• **Material supplied**:
---------------
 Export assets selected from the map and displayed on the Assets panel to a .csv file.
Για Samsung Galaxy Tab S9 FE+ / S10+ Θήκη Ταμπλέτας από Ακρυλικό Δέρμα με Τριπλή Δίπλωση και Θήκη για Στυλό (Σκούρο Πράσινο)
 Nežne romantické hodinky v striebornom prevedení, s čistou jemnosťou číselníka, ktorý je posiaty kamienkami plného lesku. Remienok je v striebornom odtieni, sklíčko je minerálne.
---------------
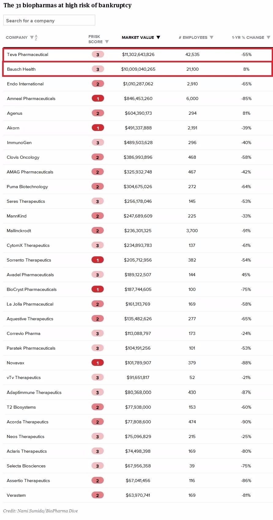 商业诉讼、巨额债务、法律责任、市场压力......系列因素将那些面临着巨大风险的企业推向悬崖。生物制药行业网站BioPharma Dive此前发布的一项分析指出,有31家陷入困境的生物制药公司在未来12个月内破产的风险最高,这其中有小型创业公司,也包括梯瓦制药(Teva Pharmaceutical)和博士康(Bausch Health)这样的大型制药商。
---------------
• **Problem details**: Could you repeat exactly the lines above from the line with "Export assets selected" up to and including the line with "Nežne romantické hodinky", and only those?

• **Output below**:
 Export assets selected from the map and displayed on the Assets panel to a .csv file.
Για Samsung Galaxy Tab S9 FE+ / S10+ Θήκη Ταμπλέτας από Ακρυλικό Δέρμα με Τριπλή Δίπλωση και Θήκη για Στυλό (Σκούρο Πράσινο)
 Nežne romantické hodinky v striebornom prevedení, s čistou jemnosťou číselníka, ktorý je posiaty kamienkami plného lesku. Remienok je v striebornom odtieni, sklíčko je minerálne.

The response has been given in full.